Getting wrong output for dZ2 using the backward test case

The function L_model_backward_test in of Wk4A1 uses the following data:
A2 or AL = array([[1.78862847, 0.43650985]])
Y = array([[1, 0]])
(Please refer to this thread to avoid confusion in variable naming in the mentioned function: Why is there no A0 or X in the backward chain? Week4, Assignment1)

The correct code (one that passes the test case) returns following value for dZ2 or dZL
array([[-0.1261204 0.42987761]]) [1st]

However, Wk3 lecture on Backpropagation Intuition (optional) suggests following equation to calculate dZ2 or dZL:
implying that dZ2 should be:
array([[0.78862847 0.43650985]]) [2nd]

Which of these two values is the correct value for dZ2? (Since I am using the [2nd] value in my code, which fails the mentioned test case and also have issues with model convergence whereas the [1st] value works fine, makes the model converge and gives the required 80% test accuracy).


Where do you manually need to compute dZ2? In L_model_backward, you manually compute dAL. Then you pass that to linear_activation_backward for the output layer.

I am writing code slight differently than what is mentioned in the assignment. I skip the dA2 or dAL calculation and am directly calculating dZ2 or dZL by the equation given by Prof. Ng, which is
dZ2 = A2 - Y
Now given that
A2 = [1.78862847, 0.43650985]
Y = [1, 0]
dZ2 = [0.78862847 0.43650985] (simply subtracting 1 from 1.788 to get 0.788)

But this dZ2 leads to different values for dW2 and db2 value than what is expected in the test case and thus it fails the test case.

Now, I need to understand why above equation does not work?

If you want to see the value of dZ2 returned by linear_activation_backward, just add a print statement in the elif ‘sigmoid’ clause in that function and you should see the following value for dZ2: [-0.1261204 0.42987761]
It’s unclear to me, what is causing the difference in the values since dA2*sigmoid_derivative is equal to A2-Y (Or is it not?)
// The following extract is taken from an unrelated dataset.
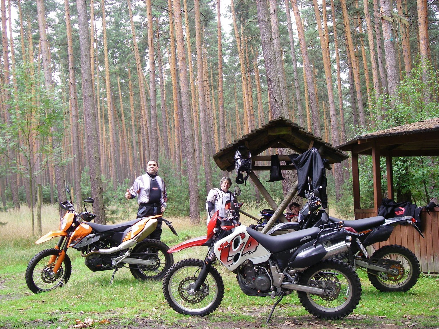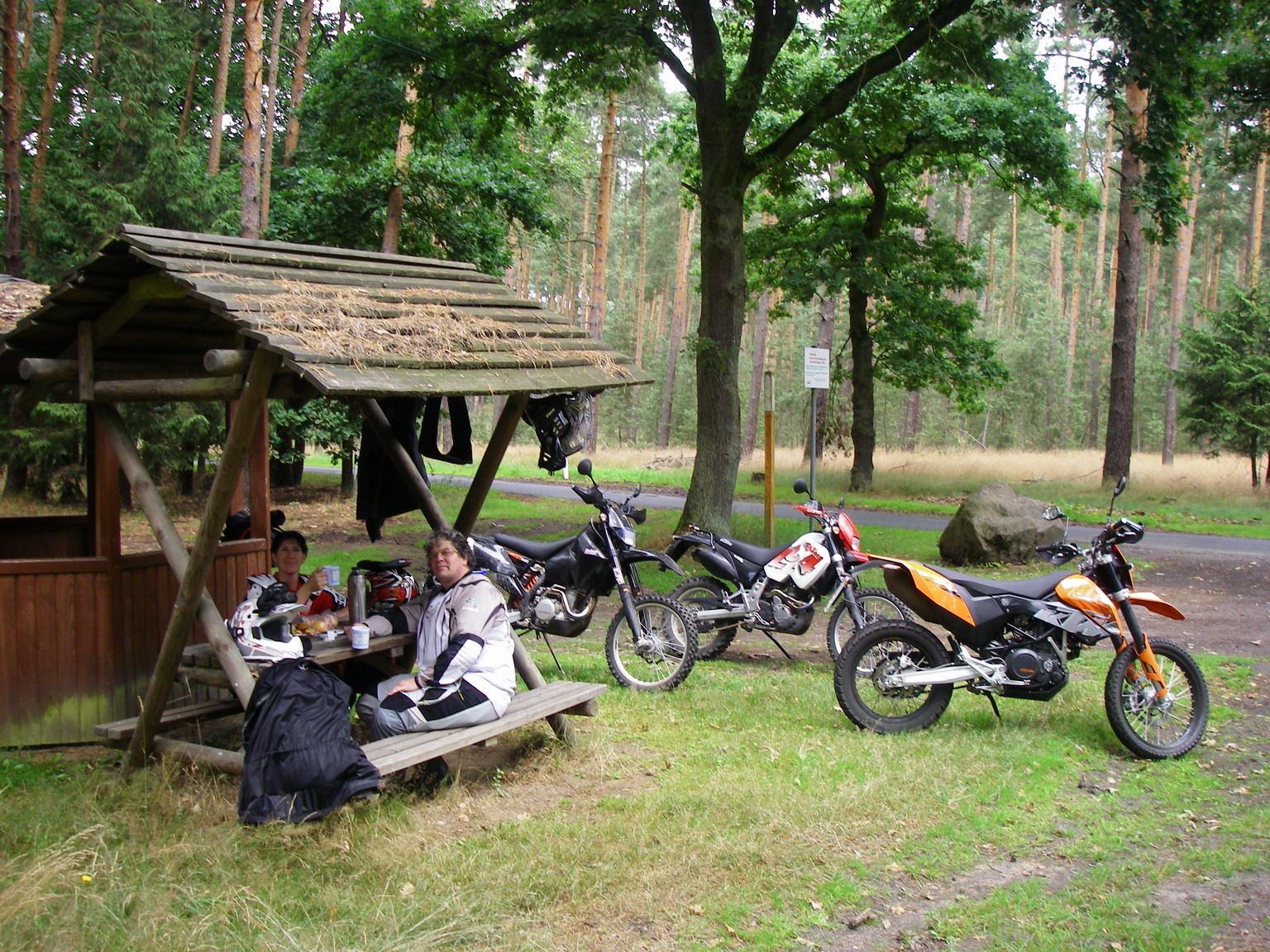 So, heute waren knapp 100 km regenschwerer Tiefsand und vermatschte Waldtracks rund um Altes Lager dran. Der Christian ist mit "meiner" 690 E gefahren. Er ist super mit dem Moped zurecht gekommen. Das sah sehr geschmeidig aus. Die ganze Offroad-Strecke ist er mit abgefahrenen Enduro 3 locker vor mir her gesurft. Mit Stollen drauf wäre er mir mit Sicherheit weggeflogen. Christian ist 1,67 m groß. Für ihn passt die Ergonomie der 690 E genial! Cool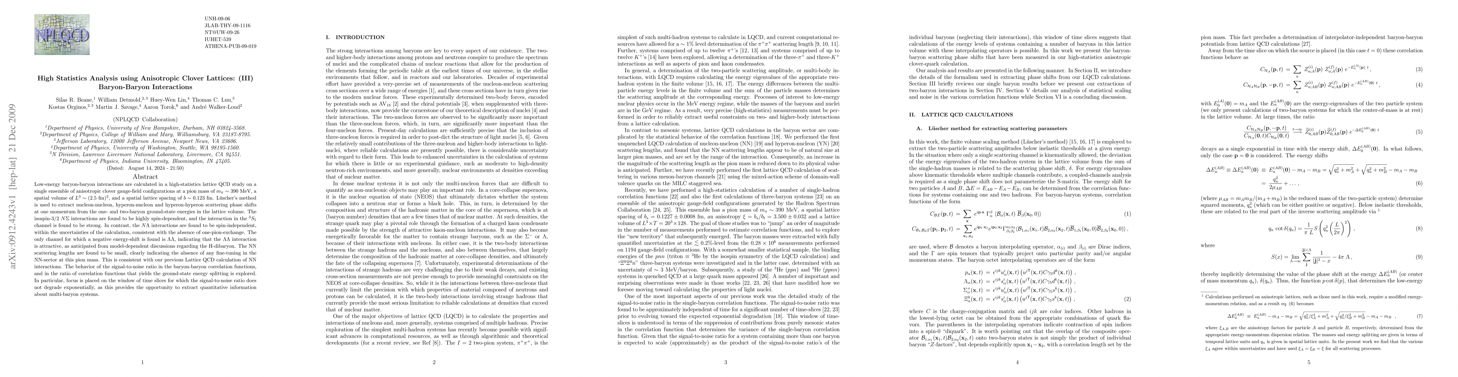 This study uses high-statistics lattice QCD on anisotropic clover lattices to calculate low-energy baryon-baryon interactions at a pion mass of ~390 MeV. It finds strong spin-dependent interactions in NΣ channels and attractive ΛΛ interactions, while NN scattering lengths are small, indicating no fine-tuning in the NN sector at this pion mass.

But dA2 or dAL is a required input to the call to linear_activation_backward for the output layer. So your “rewrite” includes not calling linear_activation_backward for the output layer? That is the point at which the dZ value would be for layer 2, since this test case has only two layers, right?

Ah, ok, I tried some instrumentation and now I realize the issue:

Prof Ng’s formulas are just fine. The problem is that if you use his formulas at the output level and skip calling linear_activation_backward, then you hit the problem that the test case input values are just randomly generated. That means that they don’t satisfy all the same mathematical relationships that the real values generated by forward propagation would satisfy.

What happens when you call linear_activation_backward is that it is a general function that works for any layer, so it has to use the general formula for dZ^{[l]}:

dZ^{[l]} = dA^{[l]} \cdot g^{[l]'}(Z^{[l]})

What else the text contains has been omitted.